Introduction: Angiotensin-converting enzyme (ACE) gene polymorphism, especially the deletion/deletion (DD) genotype, is associated with the disease progression of immunoglobulin A (IgA) nephropathy patients in various studies from both Asia Pacific and European populations. However, recent studies within the same populations were unable to reproduce the same results. Hence, we had studied the distribution of the DD genotype, the association between ACE gene polymorphism and the disease progression, and the factors (other than ACE gene polymorphism) which were involved in the disease progression of our local patients.
Methods: This was a cross-sectional study of biopsy-proven IgA nephropathy patients attending the Nephrology Clinic, Hospital Universiti Kebangsaan Malaysia. Both biochemical and urine tests at the time of first presentation were compared to those at the time of the study, and the disease progression was analysed. The ACE gene polymorphism was identified via PCR-amplification technique, and patients were then categorised into the DD and the non-DD groups for detailed analysis. Histological severity of each renal biopsy was scored according to the predetermined criteria and medications used were recorded. The association between the gene polymorphism and disease progression was then determined. The patients who were stable or had renal function deterioration, were respectively regrouped into Groups 1 and 2, to identity those factors (other than ACE gene polymorphism), which were involved in the disease progression.

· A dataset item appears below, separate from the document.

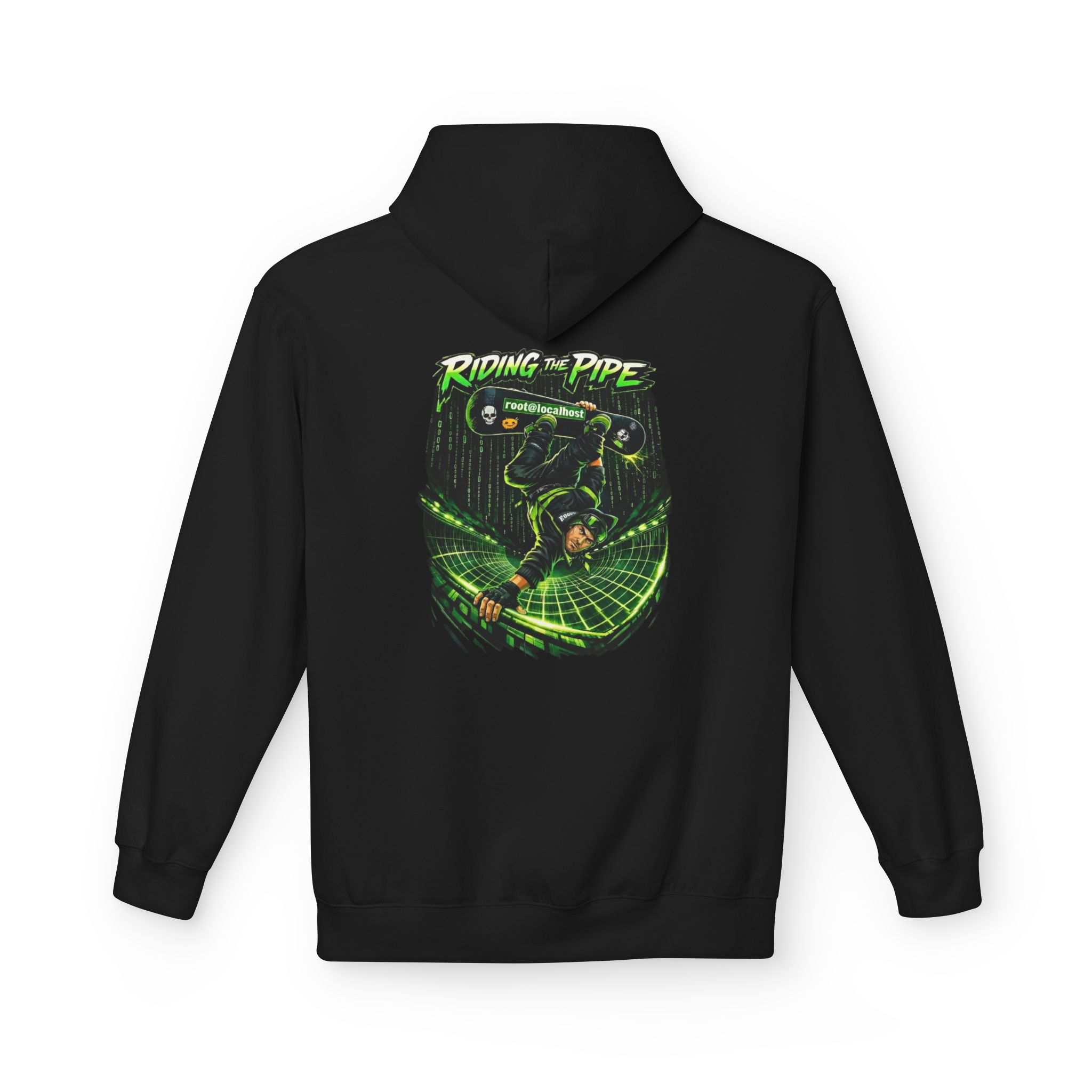 Some people ride the half-pipe. Some people ride the pipeline. This Riding the Pipe root@localhost Hacker Hoodie is built for the crew that can talk tricks and terminal in the same sentence. The back graphic throws an inverted skateboard move over a glowing wireframe half-pipe, with code rain falling like a system log you actually want to read. It lands with the bold “RIDING THE PIPE” headline and the classic root@localhost signature, a clean nod to Linux culture, pentesters, and anyone who has ever lived in a shell.

Results: 60 patients with adequate renal histopathological examination were recruited. Their mean age was 40.9 +/- 12.3 years and the follow-up duration was 4 +/- 3 years (range 6 months-20 years). More than two-thirds of them were treated with ACE inhibitors or angiotensin receptor blockers and 8.3 percent received the combination treatment. The DD genotype was noted in 13.3 percent of study patients, insertion/insertion in 48.3 percent and insertion/deletion genotype in 38.3 percent. Although the estimated glomerular filtration rate (eGFR) of both groups were the same during their initial presentation, the DD patients had more severe disease compared to the non-DD patients at the time of the study. Their serum creatinine and eGFR was 178 (IQR 31.3) micromol/L and 42.1 +/- 31.1 ml/min/1.73 square metres, whereas the non-DD patients had serum creatinine and eGFR of 79 (IQR: 88.3) micromol/L and 76.6 +/- 42.1 ml/min/1.73 square metres, respectively (p-value is less than 0.01). The DD patients were also found to have more severe vascular damage in their renal biopsies compared to the non-DD patients. The annual rate of decline in eGFR was not significantly different between the two groups. It was -5.7 +/- 2.2 ml/min/1.73 square metres/year for the DD group and -4.8 +/- 2.0 ml/min/1.73 square metres/year for the non-DD group (p-value is equal to 0.5). They also had severe proteinuria with UPCI of 0.09 (IQR 0.2) g/mmol creatinine vs. 0.04 (IQR 0.10) g/mmol creatinine (p-value is less than 0.01). The study also confirmed that patients who had higher systolic blood pressure, greater proteinuria and longer follow-up duration had significant renal function deterioration compared to those who did not.
Conclusion: The DD genotype, although found in a minority of the patients, might have adversely affected the disease progression of our IgA nephropathy patients. Higher systolic blood pressure, greater proteinuria and longer follow-up duration were the other prognostic factors in IgA nephropathy patients. However, appropriate treatment, especially prompt use of renin-angiotensin-aldosterone system blockade, should stabilise the disease regardless of their genotype.